Last month, COVID-19 cycled through Amber’s household so for weeks we forewent our quarantine ritual of walks along the Platte River. Yesterday, we finally reconnected for the first time since mid-November, and I was amazed at how relaxed Sarah and I felt with Amber.

There was such freedom of there being virtually no chance, even if we were asymptomatic, we were a danger to Amber. And since her family had all been well for over two weeks, she wasn’t endangering us. As we all said goodbye at the end of our walk, both Sarah and I had huge smiles on our faces as we freely hugged Amber. We then turned awkwardly to one another and nodded. Sarah and I still had to be cautious with each other.

All day I’ve been in awe at how light it is to relate to a close friend who has survived COVID-19. We didn’t both have to catch and recover from the disease in order to enjoy the simplicity it brought to greeting and talking together, only one of us had to go through it.
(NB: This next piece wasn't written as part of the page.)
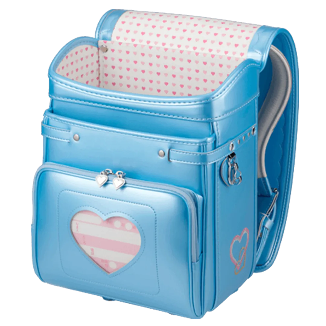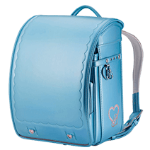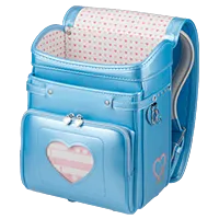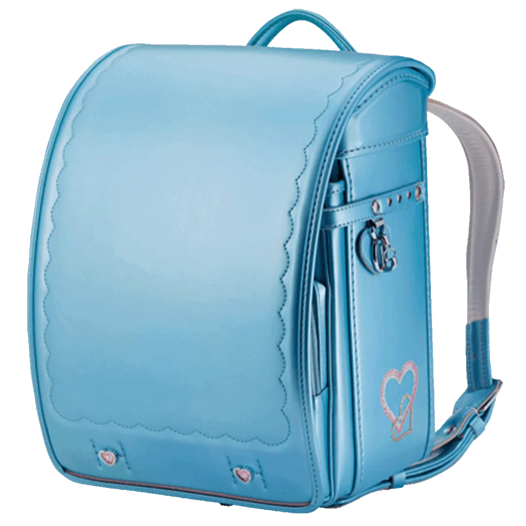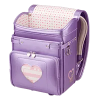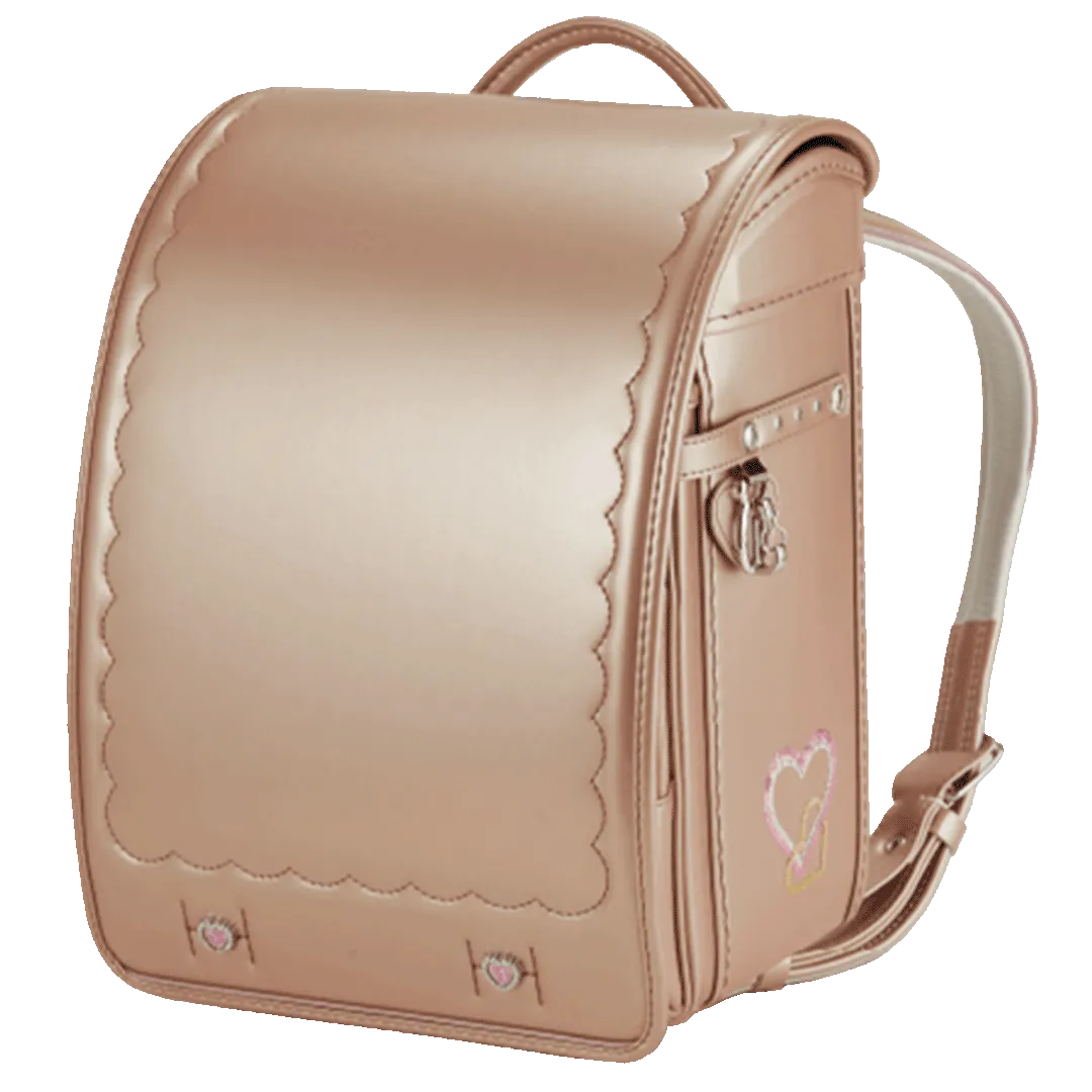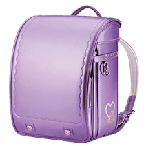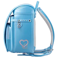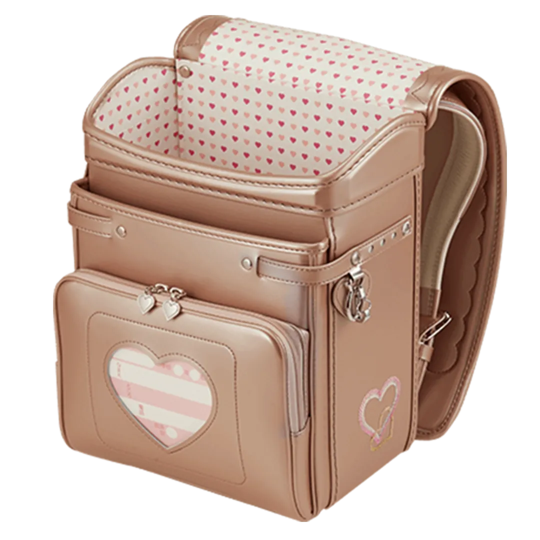 両サイドにキラキラ光るハートがかわいいランドセル。飾り鋲にも内装にも女の子が大好きなハートモチーフが散りばめられています。

The freedom I felt yesterday reminds me of what it’s like to talk to someone about a struggle I know they have personally endured. Whatever it is—grief in marriage, a kid struggling with anxiety, a cancer diagnosis or a teenager overhauling their identity—I don’t have to worry about what they can handle or understand because they’ve already survived it. I can simply let my guard down and take a posture of receiving care and comfort.

What if we could somehow know more of what others around us have gone through? Would we share more of our own struggles with them? What capacity for care would be available to us all if we felt freer to draw closer to one another?

And what if we more deeply understood what it means that God was fully “infected” by humanity and survived the journey? Maybe we’d be less afraid and move in closer for the relief our bodies feel in a strong embrace.